Police report says medical treatment did not cause Cherepanov's death

Updated: November 14, 2008, 2:27 PM ET
By Scott Burnside | ESPN.com

Initial findings from a Russian police investigation indicated the quality of medical treatment did not cause the death of New York Rangers prospect and Continental Hockey League player Alexei Cherepanov.

Cherepanov, the 17th overall pick in the 2007 entry draft, collapsed on the bench during the third period of a KHL game Oct. 13 at the Sports Palace in Chekov outside Moscow.

The Russian state police report was revealed at a Friday news conference in Moscow, the details of which were forwarded to ESPN.com. Doctors and medical personnel "acted professionally and did everything they could. The absence of special medical equipment in the arena was not the cause of death of this hockey player," Vladimir Shalaev, head of hockey operations for the fledgling KHL, said in a news release.

Russian officials, however, refused to reveal exactly what caused Cherepanov's death, but promised that information would be forthcoming.

It is unknown whether criminal charges still might be filed.

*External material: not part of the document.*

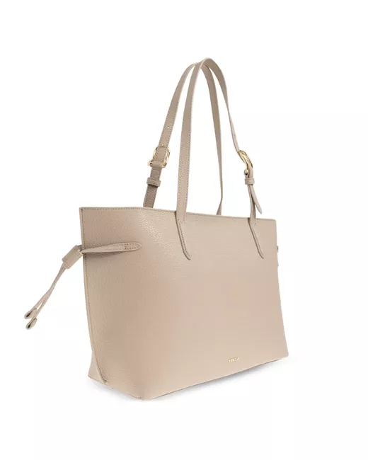 sand beige grained texture adjustable top handles gold-tone hardware side drawstring fastening internal zip-fastening pocket

"There was a move to close the criminal investigation into the circumstances surrounding the death of Aleksei Cherepanov [sic], however the prosecutor ordered that the criminal investigation continue," Shalaev said.

"Once the KHL receives the results of a comprehensive forensic examination, they will be made public, and any further individuals found to be negligent will be identified," Shalaev was quoted as saying.

Cherepanov, who had just returned from a shift in a game in which he scored a goal, was carried by Avangard Omsk teammates, including former NHL star Jaromir Jagr, into their dressing room.

Medical staff tried to revive Cherepanov at the arena and later at a hospital, where he died. He was 19 years old.

There were initial reports that defibrillators at the arena did not work and that ambulance staff were slow responding to the emergency.

The KHL moved quickly to suspend the arena manager and the team manager from the host Vityaz club within days of Cherepanov's death.

"The KHL acted appropriately and within its bounds in imposing sanctions against the Vityaz club director and other officials involved in this tragic accident," Shalaev said in Friday's statement.

The news release also indicated the KHL finally had received medical records from the Rangers regarding Cherepanov's time at a Rangers training camp following the 2007 draft.

In an interview with ESPN.com in Toronto last weekend, KHL president Alexander Medvedev complained that two requests for those records had been denied by the Rangers.

NHL deputy commissioner Bill Daly explained to ESPN.com that those records could only be released with the family's consent, and that Cherepanov's family had not provided that consent.

"We would like to express our thanks to this NHL club for sharing the results of this medical exam with us." Shalaev said.

The KHL also announced that as part of a new medical screening process adopted after Cherepanov's death, an examination of 67 KHL players revealed that five have medical problems.

"Of this group, it appears that one or two young hockey players may have significant health concerns and may have to change their careers," a KHL official said.

Scott Burnside covers the NHL for ESPN.com.